A marcha da pamonha


A decisão do Supremo Tribunal Federal sobre a marcha da maconha não poderia ter sido outra. O STF não autorizou o uso de drogas nem o incentivou. Coube ao tribunal cumprir o papel de guardião da Constituição.

Por provocação da Procuradoria-Geral da República (PGR), em ação de descumprimento de preceito fundamental (ADPF) firmada pela SubPGR Deborah Duprat, o STF acabou com o atordoante festival de liminares que vinham proibindo a marcha da Cannabis sativa pelo Brasil.

Nem o MPF, que propôs a ação, tampouco o STF, que a julgou procedente por unanimidade, pretendem estimular ou autorizar o uso dessa droga. O Brasil é signatário da Convenção de Viena de 1988, que coíbe o narcotráfico, e tem lei contra substâncias entorpecentes, a Lei 11.343/06. Porém, o País também tem liberdades públicas. Duas delas estavam em jogo na questão “maconheira”. As liberdades de reunião e de manifestação do pensamento.

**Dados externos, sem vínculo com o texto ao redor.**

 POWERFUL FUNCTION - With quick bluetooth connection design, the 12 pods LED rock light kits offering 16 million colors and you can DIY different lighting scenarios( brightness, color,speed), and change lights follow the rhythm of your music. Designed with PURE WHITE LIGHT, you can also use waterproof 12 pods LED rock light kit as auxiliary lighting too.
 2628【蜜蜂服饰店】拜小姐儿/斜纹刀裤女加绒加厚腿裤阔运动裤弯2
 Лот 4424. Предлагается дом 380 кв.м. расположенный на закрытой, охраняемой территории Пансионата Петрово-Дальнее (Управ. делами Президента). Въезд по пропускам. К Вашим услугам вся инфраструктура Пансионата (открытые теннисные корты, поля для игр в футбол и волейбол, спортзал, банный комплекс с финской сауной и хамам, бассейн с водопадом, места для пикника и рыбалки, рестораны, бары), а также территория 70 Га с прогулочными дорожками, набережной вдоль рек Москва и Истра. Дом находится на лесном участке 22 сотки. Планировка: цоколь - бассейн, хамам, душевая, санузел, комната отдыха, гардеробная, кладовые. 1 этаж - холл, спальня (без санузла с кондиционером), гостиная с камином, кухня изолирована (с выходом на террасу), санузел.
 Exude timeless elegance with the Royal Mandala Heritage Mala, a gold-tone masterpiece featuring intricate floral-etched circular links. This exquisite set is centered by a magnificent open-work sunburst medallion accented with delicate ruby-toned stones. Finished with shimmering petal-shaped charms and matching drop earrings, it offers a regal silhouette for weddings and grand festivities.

Não são poucas as pessoas que defendem a liberação da maconha. Não são menos numerosos tampouco aqueles que defendem a completa descriminalização das drogas. Aqui na Europa, de onde agora escrevo, o debate é muito intenso em Portugal e na Holanda. Nesta, há espaços próprios para a venda de maconha para uso próprio. Alguns líderes globais, entre eles o ex-presidente Fernando Henrique Cardoso, têm defendido a descriminalização da Cannabis sativa. Nos EUA, uma ONG formada por policiais, advogados e membros do Ministério Público, a Law Enforcement Against Prohibition (LEAP), sustenta abertamente a bandeira descriminalizadora. Estes e outros enxergam o fracasso da guerra global contra as drogas, capitaneada pelos EUA, que tem queimado milhões de “verdinhas” para combater implacavelmente o “matinho” e drogas mais perigosas.

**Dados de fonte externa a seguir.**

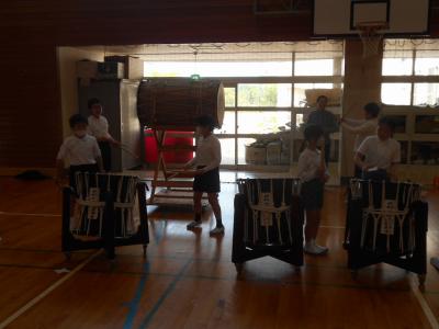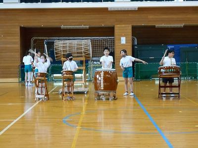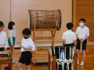 来月の音楽会に向けて、5限に3~6年生は太鼓練習をしました。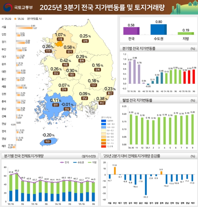 [뉴스스텝] 국토교통부와 한국부동산원(원장 손태락)은 '25년 3분기 지가변동률 및 토지거래량을 발표했다.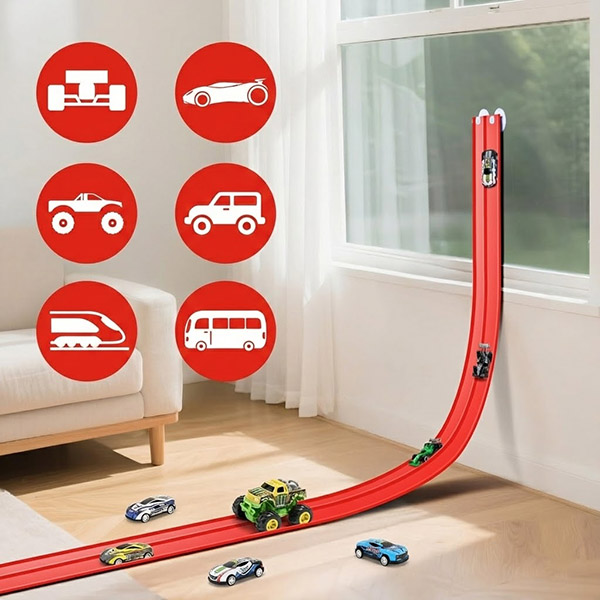 Η στερέωση με βεντούζες επιτρέπει σε παιδιά και γονείς να προσαρμόζουν γρήγορα τις γωνίες και τις διατάξεις, ώστε η πίστα να μπορεί να ξαναχτιστεί πολλές φορές χωρίς εργαλεία ή περίπλοκη εγκατάσταση.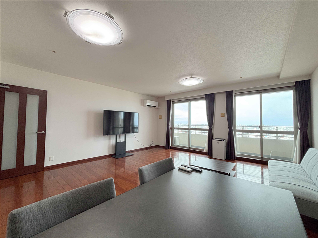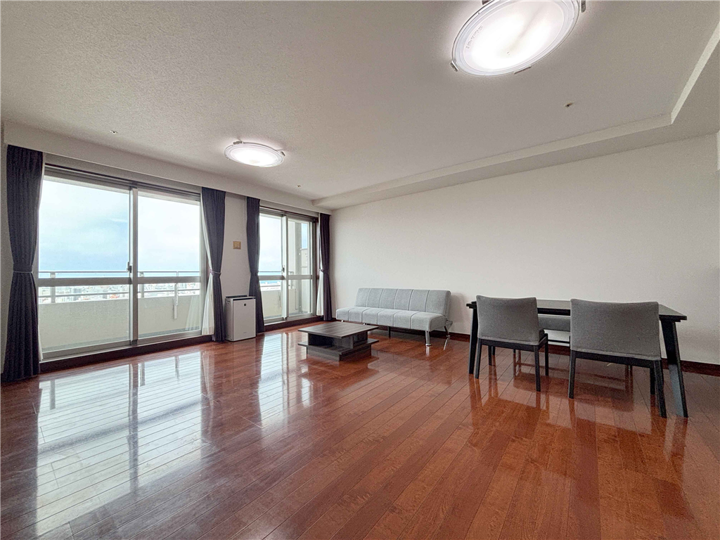 広々リビング・ダイニング(約18.6畳)!那覇市街地や黄金森公園を望む高台にそびえるタワーマンション。コンシェルジュ完備でホテルライクな生活が可能です。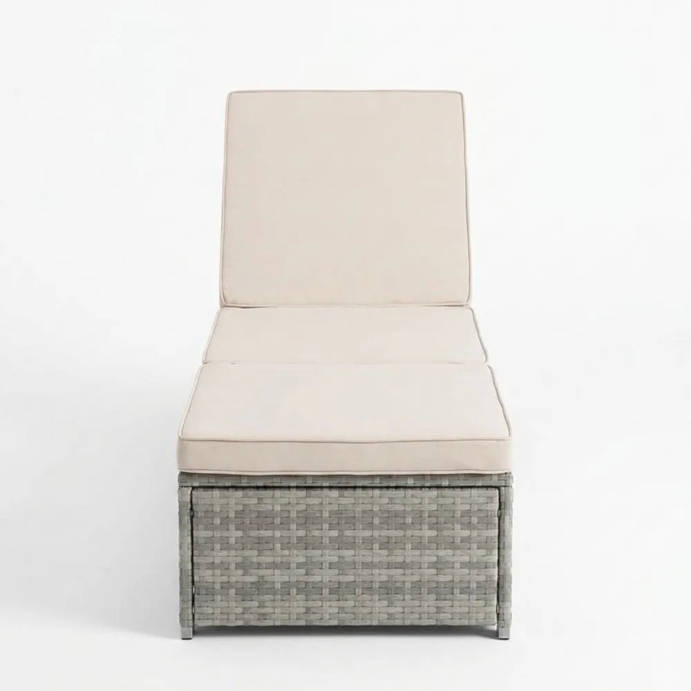 Rattan Gartenliege mit Verstellbarer Rückenlehne und Grauem Kissen

Por trás desse discurso, há interesses escusos -de traficantes em busca de mais lucros e da indústria do vício, mas também há nobres iniciativas, como as dos pesquisadores que defendem o uso medicinal da droga. Num dos mais interessantes episódios de Law and Order SVU, a Lt. Anita Van Buren, acometida de câncer, vê-se no dilema de usar maconha para combater os enjoos resultantes da quimioterapia.

Um fato inquestionável é que os Estados não têm conseguido vencer as drogas, nem as antigas – que sempre foram usadas ritualisticamente – nem as novas – usadas precipuamente para fins recreativos. Algo semelhante aconteceu nos EUA, quando foi aprovado o Volstead Act, a Lei Seca, que pretendeu proibir o consumo de álcool. Não funcionou. Só o crime organizado e os produtores clandestinos de bebidas alcoólicas se beneficiaram da Era da Proibição. Poucos anos depois, a emenda foi revogada e o álcool voltou a ser uma droga “legal” e ninguém cogita criminalizar seu uso – salvo países islâmicos fundamentalistas – e muito poucos, mesmo no Brasil, aceitariam abdicar de seu uso recreativo. Curioso que alguns desses que “enchem a cara” de pinga, cerveja, vinho e uísque, ou que bebem socialmente estão entre os que clamam contra a marcha dos maconheiros.

Em suma, o problema é muito mais complexo do que parece e obviamente não pretendo resolvê-lo aqui. O certo é que, com a proibição dos debates, das marchas e dos protestos, estaremos sufocando com a fumaça da intolerância as sementes da democracia plantadas há quase 23 anos.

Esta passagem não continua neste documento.